Design/methodology/approach
In this study, the choice-based conjoint survey was conducted to investigate mobile power bank consumers aged 18–28 in Lanzhou urban districts. A total of 2,004 valid questionnaires were collected and 1,813 sample was used in analyses. Logit and ordinary least squares regression models were run for empirical analyses.
Findings
The research results show that consumers tend to sacrifice certain levels of affordability for moderate technological capability, a reputable brand, better portability and advanced charging functions or sacrifice certain levels of technological capabilities for a moderate price. Consumers with stronger environmentalism in PV substitution tend to prioritize median price levels, larger battery capacity and better portability, while being less sensitive to brand and showing less preference for advanced charging functions. Consumers with stronger nationalism in PV rivalry tend to prioritize reasonably higher prices, bigger brands, enhanced portability, more solar panels and advanced charging functions.
Practical implications
This research sheds light on consumer trade-offs between price, brand, portability, technological capability and charging function.
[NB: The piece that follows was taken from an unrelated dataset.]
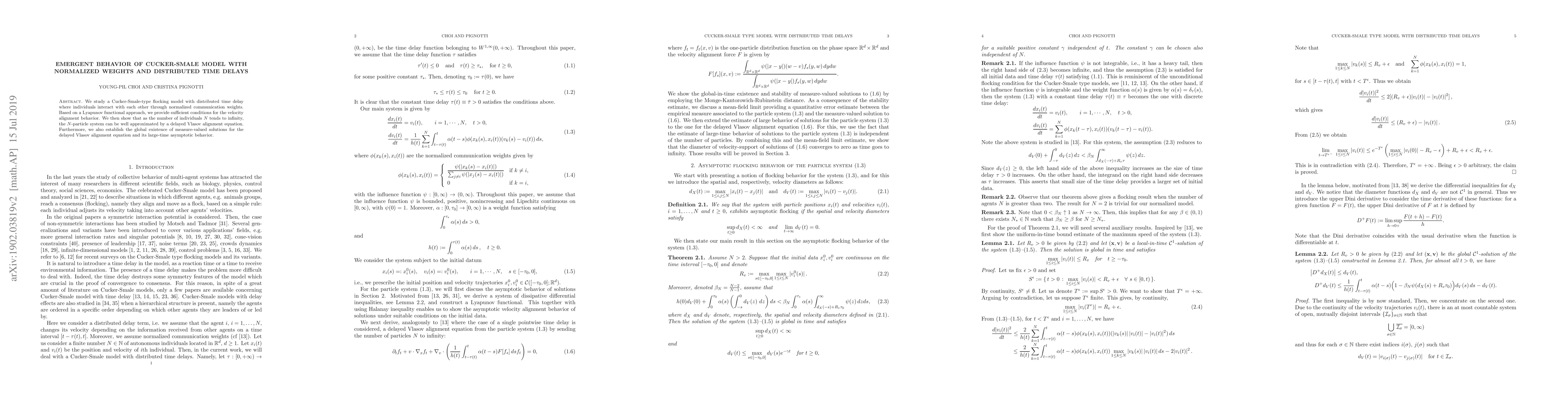 This paper investigates a Cucker-Smale flocking model with distributed time delays and normalized communication weights, proving conditions for velocity alignment using a Lyapunov functional approach. It also demonstrates that the system approximates a delayed Vlasov alignment equation as the number of individuals approaches infinity, establishing global existence and asymptotic behavior of measure-valued solutions.

It also explores how environmentalism and nationalism sentiments are associated with consumer decision-making. These insights carry valuable policy implications for fostering product innovation, supporting brand-building initiatives for small and medium-size enterprises, promoting market competition and preventing the weaponization of consumer nationalism.
Originality/value
As an emerging solar power product, the portable solar power bank holds significant potential for widespread adoption as a means to drive energy transition. Within the current context, two notable sentiments have surfaced: environmentalism, which pertains to the adoption of PV technology as a substitute for conventional energy sources and nationalism, which manifests in the PV rivalry between China and the USA. This research aims to investigate consumer preference related to this emerging product, specifically focusing on its relationship with these two sentiments.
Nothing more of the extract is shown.